En février 2023, Hallie Meredith, professeure à la Washington State University et verrière, a découvert des symboles négligés sur une coupe en verre romain au Metropolitan Museum of Art simplement en la tournant. Ces marques, auparavant considérées comme de simples décorations, semblent être des identifiants d'ateliers d'artisans ayant travaillé entre 300 et 500 ap. J.-C. Cette découverte met en lumière les méthodes de production collaborative dans la verrerie romaine antique.
L'observation de Hallie Meredith est survenue lors d'une visite d'étude des coupes en verre romain à cages, de rares vases de luxe taillés dans un seul bloc de verre. En examinant une collection privée au Metropolitan Museum of Art à New York, elle a remarqué des formes abstraites ajourées — telles que des losanges, des feuilles ou des croix — gravées au dos d'un vase romain tardif, accompagnées d'une courte inscription souhaitant au propriétaire une longue vie. Pendant des décennies, ces éléments avaient été rejetés comme ornementaux, mais Meredith, formée comme verrière depuis ses années d'études supérieures, les a interprétés comme des marques de fabricants identifiant des ateliers et des équipes d'artisans qualifiés.

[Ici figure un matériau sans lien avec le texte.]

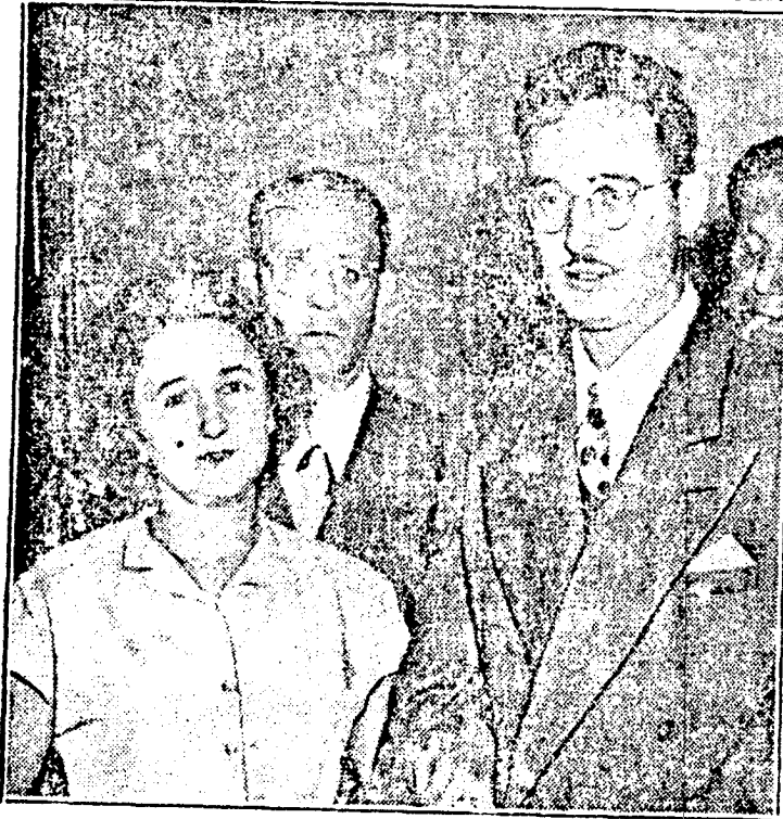
Julius and Ethel Rosenberg during trial.

The death penalty imposed on Julius Rosenberg and his wife Ethel for stealing atomic secrets for the Soviet Union
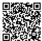
T800-EX 3D demo
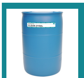
54-gallon drum SKU: CL2115AL-54G UPC-12: 641238040569
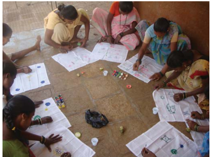
Village women at Art Mela Competition
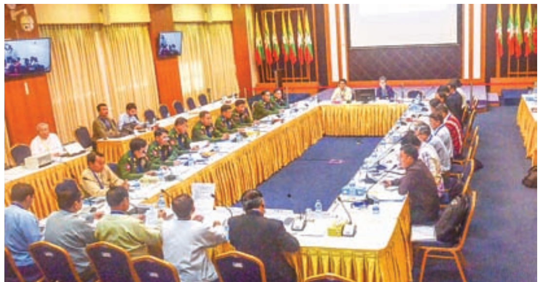
JMC-U meeting being held at NRCP in Yangon.
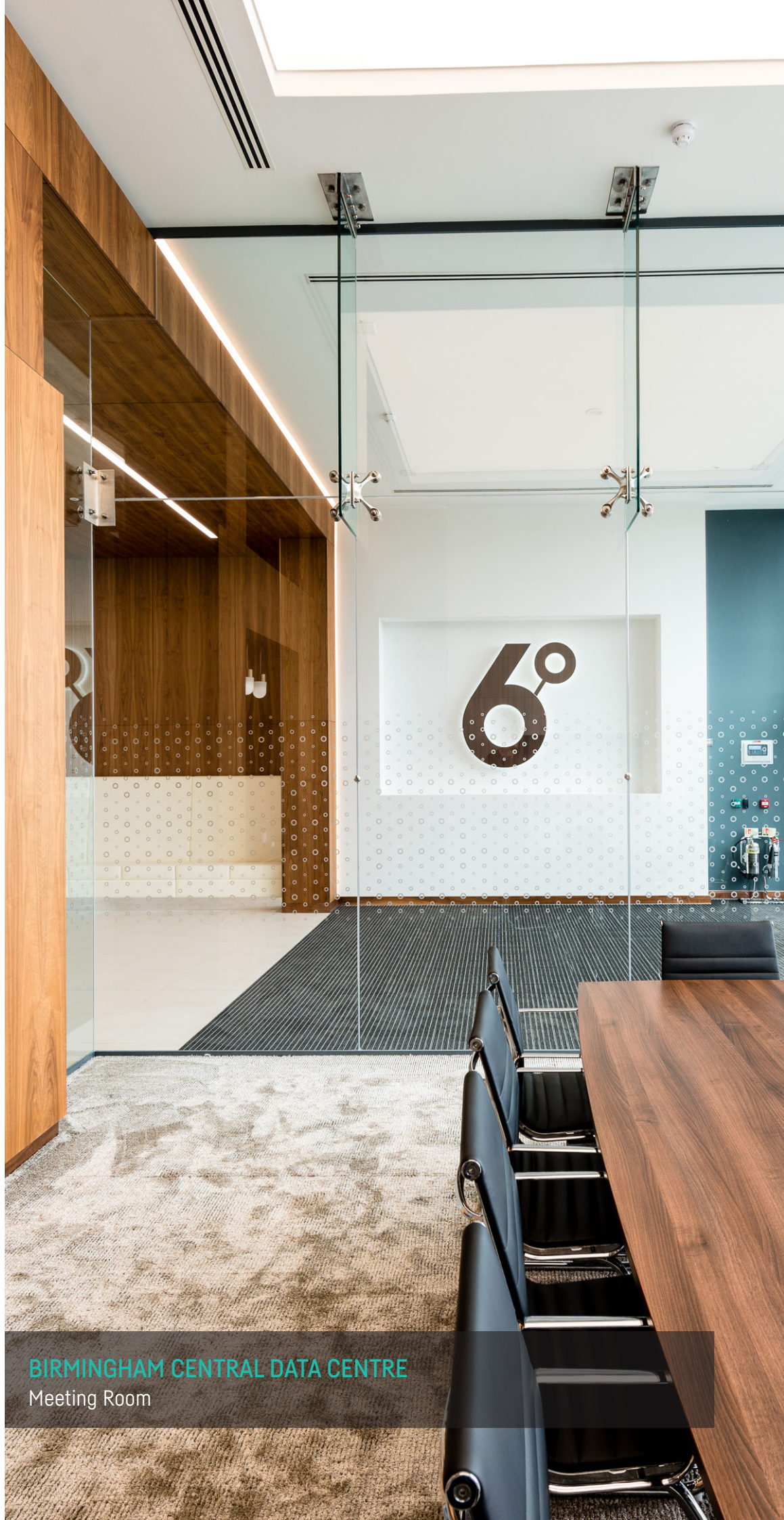
BIRMINGHAM CENTRAL DATA CENTRE Meeting Room
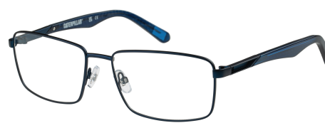
CTO-3032-006 Matte navy / Blue
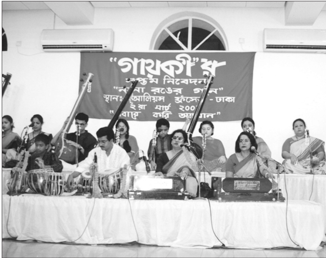
Gayaki presents its seventh musical evening at Alliance Francaise on March 2.
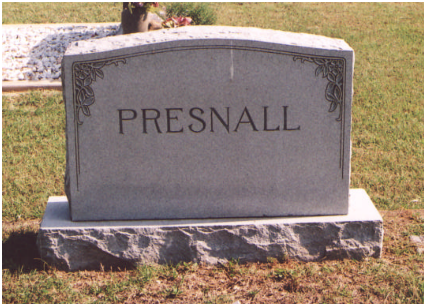
Presnall Plot Harris Street Section, China Springs Cemetery, McLennan Co., TX
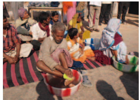
Practicing self-care in India

Nowadays, however, many people come early for treatment when they just have changes in their skin. They hope to be cured with no residual problems. Unfortunately, however, this is not always possible.
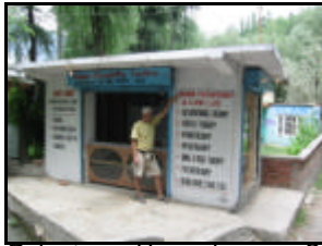
Rob at new Hope shop
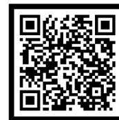
SCAN TO LEARN MORE!

Charles and Kelsey Carter encourage aspiring entrepreneurs to work hard and stay committed. Their success is not only about great flavors but about family, perseverance, and community impact. Scan the QR code to learn more about Carter's Sauces, and be sure to try one of their incredible sauces—you won't be disappointed!
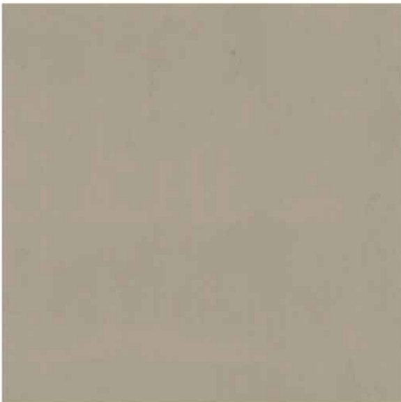
CCS Lychee Concrete
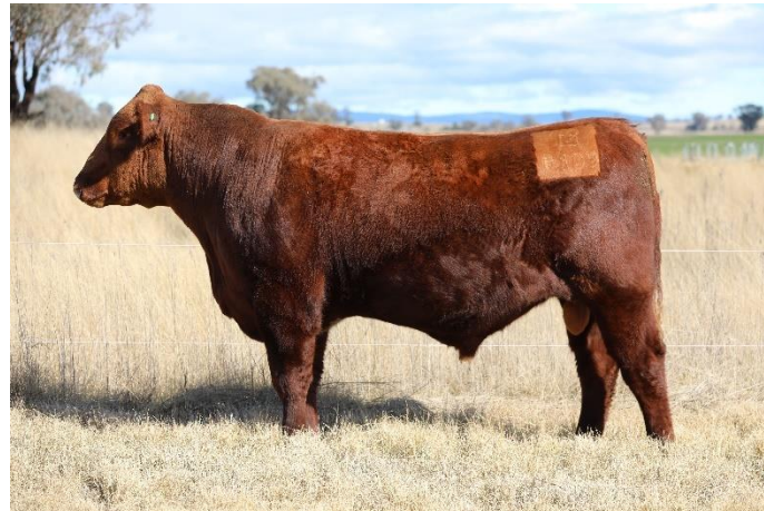
Lot 30 – LWER109

Ses recherches, détaillées dans deux articles récents — l'un dans le numéro d'avril du Journal of Glass Studies et l'autre dans le numéro d'octobre de World Archaeology — montrent les mêmes symboles réapparaissant sur de multiples objets en verre gravé des IVe au VIe siècles ap. J.-C. L'analyse des marques d'outils, des inscriptions et des pièces inachevées révèle que la production impliquait des équipes coordonnées, incluant graveurs, polisseurs et apprentis, plutôt que des artisans solitaires. Chaque vase, connu sous le nom de diatretum, commençait comme une forme en verre à paroi épaisse taillée en deux couches concentriques reliées par de minces ponts, exigeant un temps et une endurance considérables.
Meredith soutient que ces symboles servaient de marques d'atelier, non de signatures personnelles. « Ce n'étaient pas des autographes personnels », a-t-elle déclaré. « C'était l'équivalent antique d'une marque. » Cette perspective déplace l'attention académique des techniques seules vers les personnes qui les maniaient, remettant en question des hypothèses sur la production de verre romain persistantes depuis plus de deux siècles.
S'appuyant sur son expérience pratique, Meredith enseigne « Experiencing Ancient Making » à la Washington State University, où les étudiants recréent des artefacts et utilisent des outils numériques pour comprendre les processus historiques. Son livre à paraître, « The Roman Craftworkers of Late Antiquity: A Social History of Glass Production and Related Industries », prévu chez Cambridge University Press en 2026 ou 2027, développe ces thèmes. Actuellement, elle collabore avec des étudiants en informatique sur une base de données traçant des inscriptions non conventionnelles sur les artefacts, visant à en révéler davantage sur les artisans antiques multilingues.
En mettant l'accent sur le rôle des ouvriers, le travail de Meredith redonne de la visibilité à ceux dont les contributions ont façonné des objets antiques époustouflants, favorisant une vision plus empathique de l'histoire des métiers.